**Task statement**: Transcribe exactly, please, the line bearing "strakke, moderne rugzak;" and all later lines through the end of the records, with the pictures left out.

**Records from a data source**:
===

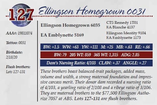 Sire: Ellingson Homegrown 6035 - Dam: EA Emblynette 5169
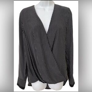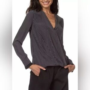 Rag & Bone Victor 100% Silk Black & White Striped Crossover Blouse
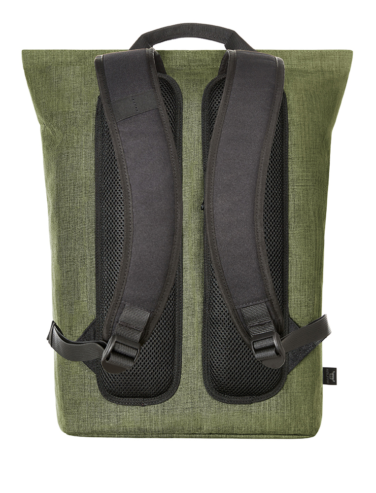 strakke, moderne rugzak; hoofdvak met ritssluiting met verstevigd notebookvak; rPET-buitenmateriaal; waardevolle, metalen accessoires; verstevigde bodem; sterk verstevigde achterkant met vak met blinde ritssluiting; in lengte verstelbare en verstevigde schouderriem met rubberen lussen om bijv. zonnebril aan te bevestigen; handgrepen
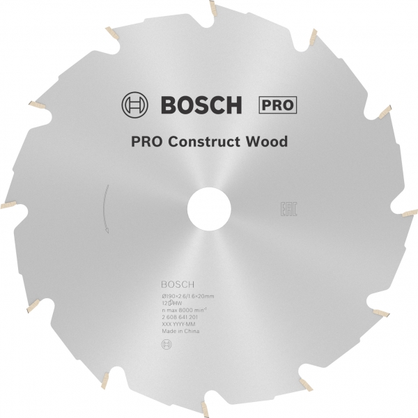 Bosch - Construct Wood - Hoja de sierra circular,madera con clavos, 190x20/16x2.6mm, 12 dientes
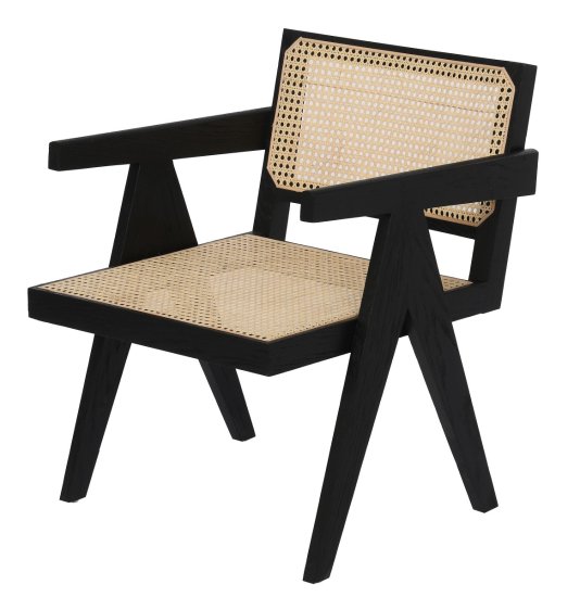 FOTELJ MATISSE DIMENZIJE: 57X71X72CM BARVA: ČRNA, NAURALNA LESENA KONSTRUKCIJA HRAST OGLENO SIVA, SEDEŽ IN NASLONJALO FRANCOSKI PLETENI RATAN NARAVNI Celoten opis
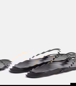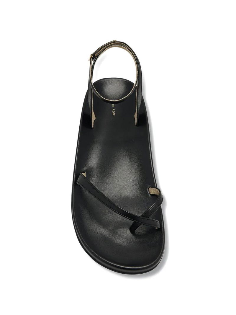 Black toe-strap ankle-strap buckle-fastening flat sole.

===

**Exercise result**:
 strakke, moderne rugzak; hoofdvak met ritssluiting met verstevigd notebookvak; rPET-buitenmateriaal; waardevolle, metalen accessoires; verstevigde bodem; sterk verstevigde achterkant met vak met blinde ritssluiting; in lengte verstelbare en verstevigde schouderriem met rubberen lussen om bijv. zonnebril aan te bevestigen; handgrepen
 Bosch - Construct Wood - Hoja de sierra circular,madera con clavos, 190x20/16x2.6mm, 12 dientes
 FOTELJ MATISSE DIMENZIJE: 57X71X72CM BARVA: ČRNA, NAURALNA LESENA KONSTRUKCIJA HRAST OGLENO SIVA, SEDEŽ IN NASLONJALO FRANCOSKI PLETENI RATAN NARAVNI Celoten opis
 Black toe-strap ankle-strap buckle-fastening flat sole.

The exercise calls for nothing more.